▶ _WHAT NEEDS TO BE DONE_
Write out the stretch of lines below that begins at the line with "Hand-painted Luna Phases" and ends at the line with "deux recueils anthologiques", including both, exactly as given and nothing more.

▶ _RECORDS PROVIDED_
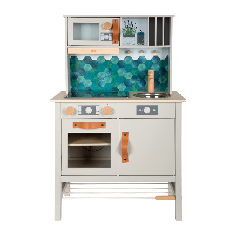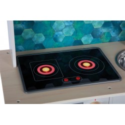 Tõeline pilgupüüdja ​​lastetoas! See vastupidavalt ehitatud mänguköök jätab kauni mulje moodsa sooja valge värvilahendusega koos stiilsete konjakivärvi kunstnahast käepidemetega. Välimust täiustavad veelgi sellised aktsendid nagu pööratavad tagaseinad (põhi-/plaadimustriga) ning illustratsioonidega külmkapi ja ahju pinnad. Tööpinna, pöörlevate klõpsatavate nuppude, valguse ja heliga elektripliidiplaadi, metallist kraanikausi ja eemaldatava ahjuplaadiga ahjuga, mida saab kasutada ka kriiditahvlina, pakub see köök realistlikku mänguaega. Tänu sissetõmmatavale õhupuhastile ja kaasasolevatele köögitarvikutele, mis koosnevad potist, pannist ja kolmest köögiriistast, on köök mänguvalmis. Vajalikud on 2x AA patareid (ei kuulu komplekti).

...

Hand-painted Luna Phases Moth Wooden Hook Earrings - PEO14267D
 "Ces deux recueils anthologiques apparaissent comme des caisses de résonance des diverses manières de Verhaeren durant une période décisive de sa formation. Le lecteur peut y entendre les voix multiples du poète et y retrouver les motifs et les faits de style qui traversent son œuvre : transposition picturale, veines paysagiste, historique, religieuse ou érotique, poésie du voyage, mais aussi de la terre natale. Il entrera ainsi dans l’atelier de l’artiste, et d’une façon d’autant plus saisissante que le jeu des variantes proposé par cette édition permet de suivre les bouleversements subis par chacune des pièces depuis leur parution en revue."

▶ _COMPLETED EXERCISE_
Hand-painted Luna Phases Moth Wooden Hook Earrings - PEO14267D
 "Ces deux recueils anthologiques apparaissent comme des caisses de résonance des diverses manières de Verhaeren durant une période décisive de sa formation. Le lecteur peut y entendre les voix multiples du poète et y retrouver les motifs et les faits de style qui traversent son œuvre : transposition picturale, veines paysagiste, historique, religieuse ou érotique, poésie du voyage, mais aussi de la terre natale. Il entrera ainsi dans l’atelier de l’artiste, et d’une façon d’autant plus saisissante que le jeu des variantes proposé par cette édition permet de suivre les bouleversements subis par chacune des pièces depuis leur parution en revue."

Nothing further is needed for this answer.